Bigtable was one of Google’s earliest in-house databases designed specifically for web-scale applications. It inspired development of open-source NoSQL databases like Apache HBase.
Some key characteristics of Bigtable:
- Column-oriented NoSQL database model designed for high performance.
- Built on Google File System for distributed storage across cheap commodity servers.
- Workloads are distributed across tablets using row key range partitioning.
- Low latency random access to petabytes of structured semi-structured data.
- Millions of operations per second throughput on inexpensive hardware.
Bigtable remains a foundational technology for Google’s analytics pipelines. It is particularly well-suited for read-intensive workloads on huge datasets required by services like Google Maps, Gmail, Search, and Google Cloud.
Feature | Description |
---|---|
Storage | Distributed across low-cost commodity servers using Google File System (GFS). |
Data Model | Sparse table with dynamic columns organized by row key, column key, and timestamp. |
Tablets | Tables are horizontally partitioned into tablets of 100-1000 MB. |
Compression | Column values are compressed using encoding techniques like RLE and Snappy. |
Caching | Extensively caches data in memory across machines. |
Other Notable Google Databases
Spanner and Bigtable represent just two of the many database technologies developed at Google. Some other notable examples include:
Megastore
Megastore is a relational datastore for interactive online services. It provides ACID transactions on top of Bigtable’s scalable NoSQL storage.
Dremel
Dremel is a columnar analytical database used for interactive analysis of web-scale datasets. It provided inspiration for Google BigQuery.
F1
F1 is a distributed SQL database built on Spanner infrastructure. It combines high availability with strong consistency and transactional support.
Colossus (GFS2)
Colossus, also known as GFS2, is the successor to the Google File System.

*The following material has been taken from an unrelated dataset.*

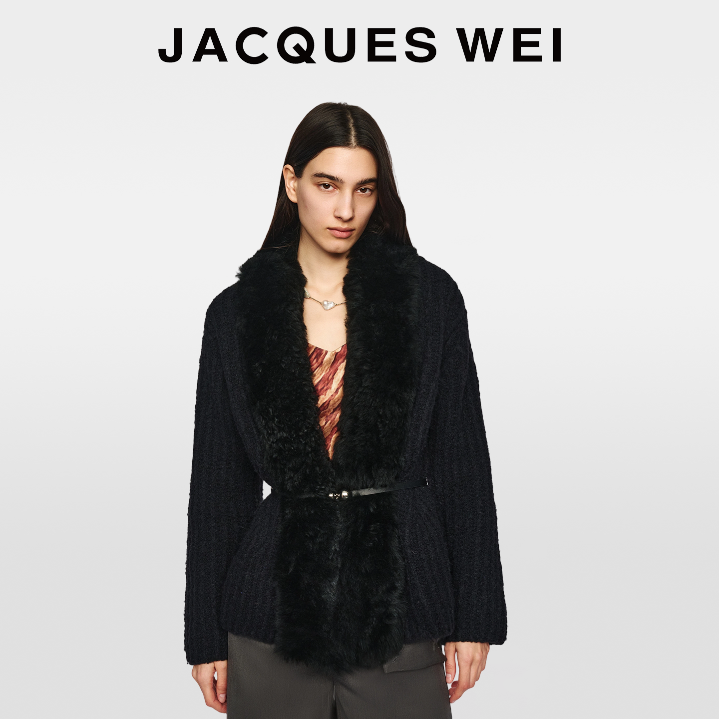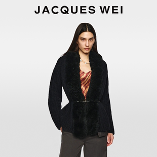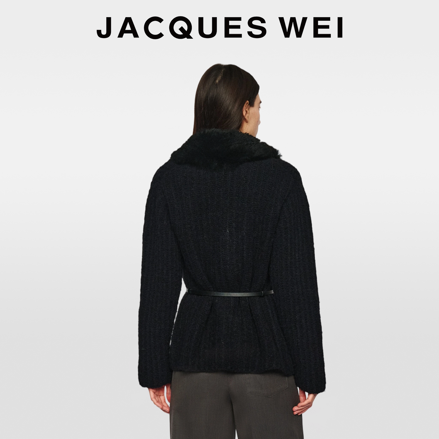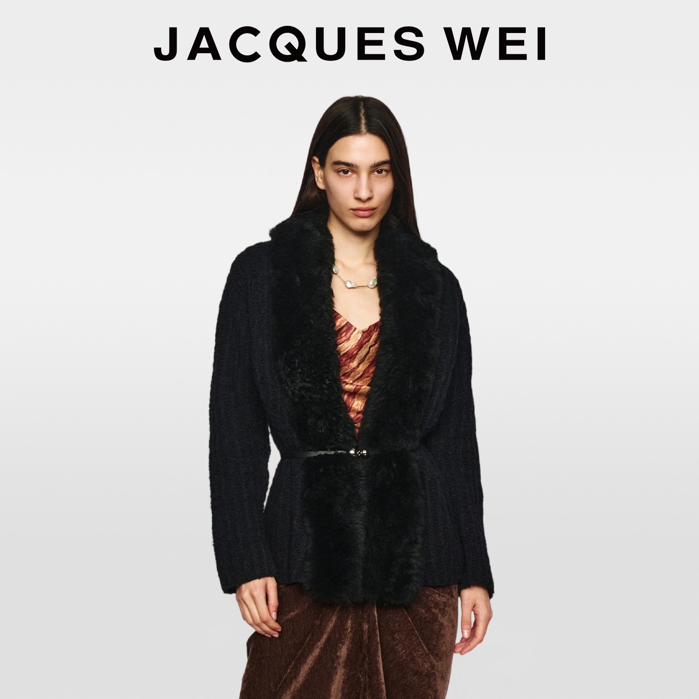 冬季 JACQUES 2025新款 毛衣女款 WEI新年黑色毛领羊毛针织腰带开衫

It provides faster distributed storage for Google’s evolving infrastructure needs.
SSTable
SSTable (Sorted String Table) is a persistent log-structured storage engine for immutable data. Used across many Google databases.
Open Source Databases
While most of Google’s internal database technologies remain proprietary, some have open source equivalents:
- Bigtable -> Apache HBase, Apache Cassandra
- Megastore -> Apache HBase, Apache Kudu
- Dremel -> Apache Drill
- Spanner -> CockroachDB
These open source projects emulate some aspects of Google’s databases while lacking the full scale, capabilities, and proprietary features.
Cloud Database Options
Google also offers fully-managed public database services through its Google Cloud Platform (GCP):
- Cloud Bigtable – Petabyte-scale NoSQL database
- Cloud Spanner – Horizontally-scalable relational database
- Cloud SQL – Managed MySQL and PostgreSQL databases
- Firestore – Serverless NoSQL document database
- BigQuery – Serverless enterprise data warehouse
These showcase robust database technologies running on Google’s infrastructure, abstracting away the implementation details.
Conclusion
Google utilizes a diverse ecosystem of purpose-built databases to power its products and services at web-scale. Spanner and Bigtable have proven to be foundational technologies enabling Google’s unique approach to distributed data management. While most of Google’s systems are proprietary, open source alternatives and managed cloud services now provide a glimpse into Google’s advanced data storage and processing capabilities.